The Levi's decomposition in Lie theory and the problem of classification Lie algebras

Question

It is well-know that: "any finite-dimensional Lie algebra over a field of characteristic zero can be expressed as a semidirect sum of a semi-simple subalgebra and its radical (its maximal solvable ideal). It reduces the task of classifying all Lie algebras to obtaining the classification of semi-simple and of solvable Lie algebras". I am wondering about that "reduction". Let's consider the following simple example: let $L=M\otimes_\phi N$ is a semidirect product of Lie algebras where $M \subseteq L$ and $N\subseteq L$ are commutative Lie subalgebras of $L$ and the Lie structure on $L$ depends on $\phi$. If so, followed by the above claim, $\phi$ does not play any role in the problem of classifying such Lie algebras?

Answer 1

The Levi decomposition of $L$ is given by $$ L=\mathfrak{s}\ltimes_{\phi} {\rm rad}(L), $$ where $\mathfrak{s}$ is a semisimple subalgebra of $L$, and ${\rm rad}(L)$ the maximal solvable ideal of $L$. Suppose now we have classified all semisimple Lie algebras $\mathfrak{s}$, and we would know all solvable ones (which we don't). Then we know all $L$.

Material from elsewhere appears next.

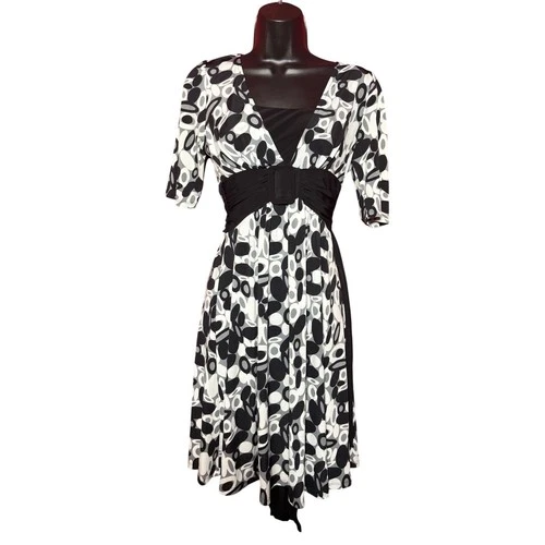Maurices Women Small Black White Geometric Circle V-Neck Empire Waist Dress

So, given a Lie algebra $L$, we need to find its Levi decomposition. There is an algorithm, how to compute it. The map $\phi$ must be a Lie algebra homomorphism $\phi\colon \mathfrak{s}\rightarrow {\rm Der}({\rm rad}(L))$. Then we know $L$ from this decomposition, because we know $\mathfrak{s}$ and the solvable ideal.